Its not your job to run their company. Take the projects, bill the client,
be happy they like your work. Let them solve their own internal problems.
> I'm going to talk about this with him when we meet again in two days; I
want
> to nip this in the bud before it becomes a problem. Something like:
"Isn't
> this more in X's area? I like working with you a lot, but she's probably
got
> better marketing skills to give this the right spin. And if I was in her
> role, I'd be upset if you didn't come to me with this first." Has anyone
> else dealt with a similar situation, as a freelancer or contractor?
I wouldn't do that. Like I said, they hire you to write docs, not question
or analyze their internal business practices. I realize you're just trying
to "do the right thing." Sometimes the right thing is to leave your nose
out of other people's business and just do the job you were hired to do.

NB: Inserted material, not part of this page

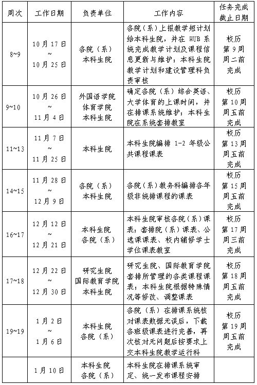 2022~2023学年度第二学期普通本科生课程表的编制工作定于2022年10月17日至2023年1月6日进行(校历第8周~第19周)。在编制本科课程表的过程中,请各院(系)及有关教学单位严格遵照以下各项规定:

The alternative to this is that the whole thing could blow up in your face
and you'll never see another project from them again.
I have clients that have obvious internal wars over using the services of
my firm. There are tech pubs managers (or at least there 'were' tech pubs
managers) who hate my guts and would like to see me fall into a vat of
liquid nitrogen, but the engineering managers adore us. Because the
engineering managers have more power, we get hired. The local tech pubs
Lord will have 839 simultaneous conniptions over our abuse of the Laws of
Information Mapping or some paranoid nonsense. We just do the job we were
hired to do, try to appease the rants of the tech pubs lord, and make the
engineering manager happy.
If you get in the middle of an internal war (even a cold war) you are
likely to become a casualty. It is a LOT easier to blame a consultant for
some ickiness than a full-time person whom you have to work with everyday.